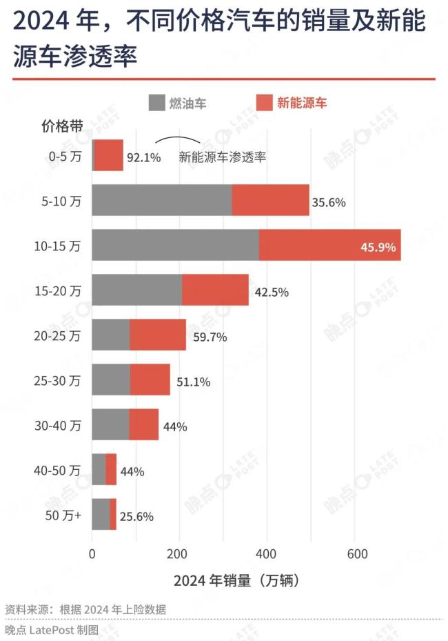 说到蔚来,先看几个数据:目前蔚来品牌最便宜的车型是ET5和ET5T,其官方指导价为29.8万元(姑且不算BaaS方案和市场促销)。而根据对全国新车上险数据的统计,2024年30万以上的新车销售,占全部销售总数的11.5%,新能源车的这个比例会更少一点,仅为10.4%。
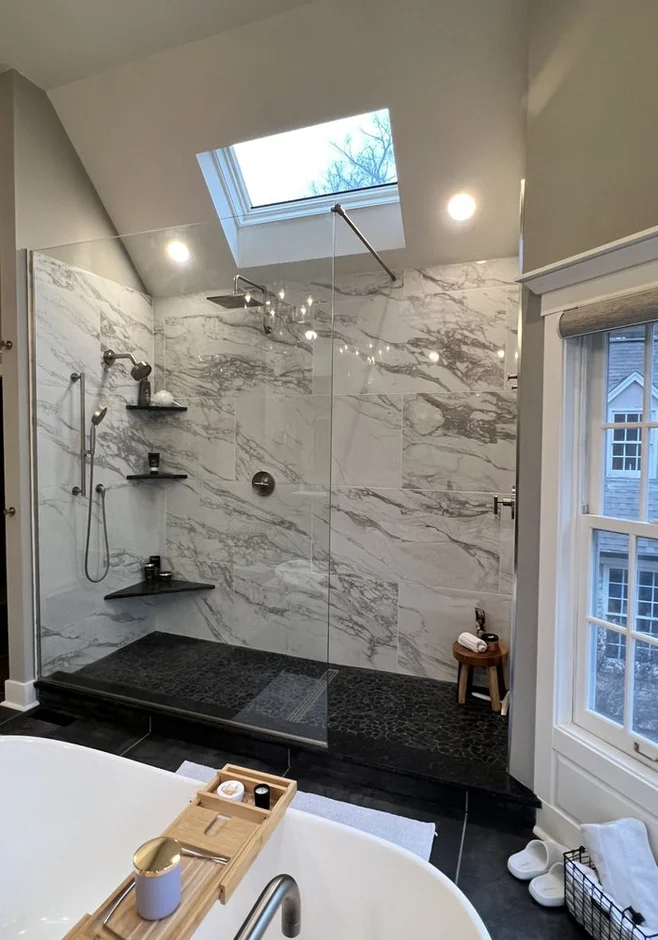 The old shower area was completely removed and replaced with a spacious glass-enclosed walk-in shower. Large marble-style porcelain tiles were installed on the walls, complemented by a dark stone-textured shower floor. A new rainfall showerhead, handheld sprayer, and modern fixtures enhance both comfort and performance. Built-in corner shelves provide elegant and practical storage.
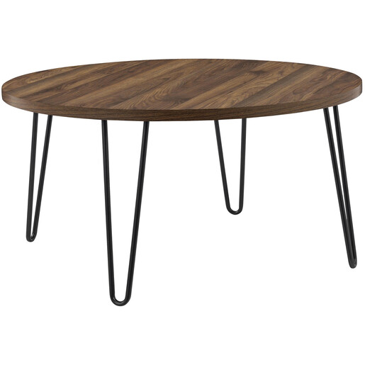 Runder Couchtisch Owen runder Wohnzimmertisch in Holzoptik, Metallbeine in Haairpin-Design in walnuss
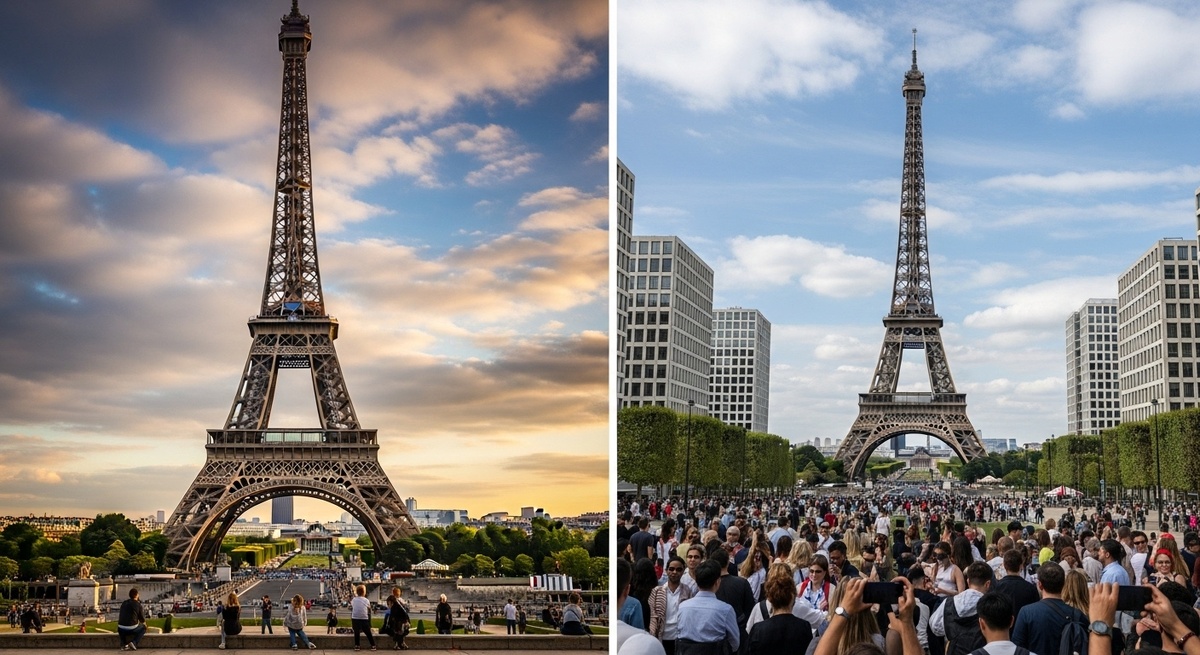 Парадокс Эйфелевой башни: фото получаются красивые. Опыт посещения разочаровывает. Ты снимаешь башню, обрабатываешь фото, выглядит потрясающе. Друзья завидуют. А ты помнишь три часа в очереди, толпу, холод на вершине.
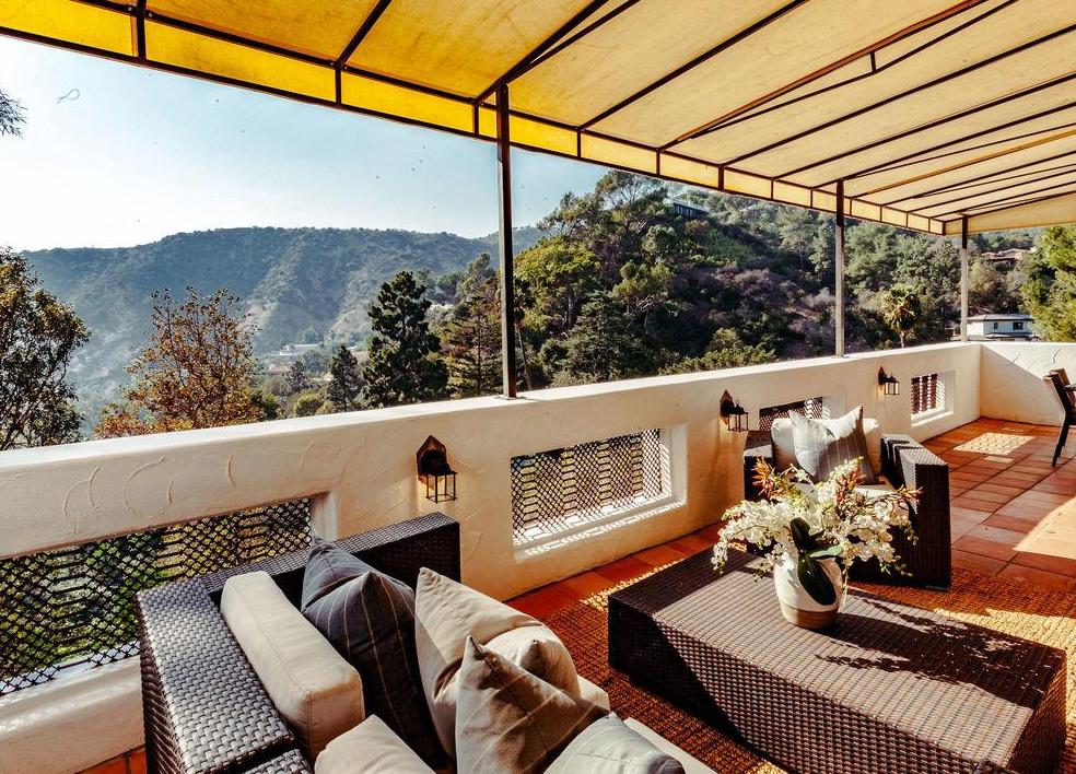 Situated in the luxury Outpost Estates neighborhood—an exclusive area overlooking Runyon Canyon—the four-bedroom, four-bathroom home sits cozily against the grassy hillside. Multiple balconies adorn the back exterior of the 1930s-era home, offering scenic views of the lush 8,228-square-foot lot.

- - -

**Task to carry out:**
Only the lines from the line with "Парадокс Эйфелевой башни: фото" to the bottom of the material above should be reproduced, exactly and without pictures.

**Result:**
 Парадокс Эйфелевой башни: фото получаются красивые. Опыт посещения разочаровывает. Ты снимаешь башню, обрабатываешь фото, выглядит потрясающе. Друзья завидуют. А ты помнишь три часа в очереди, толпу, холод на вершине.
 Situated in the luxury Outpost Estates neighborhood—an exclusive area overlooking Runyon Canyon—the four-bedroom, four-bathroom home sits cozily against the grassy hillside. Multiple balconies adorn the back exterior of the 1930s-era home, offering scenic views of the lush 8,228-square-foot lot.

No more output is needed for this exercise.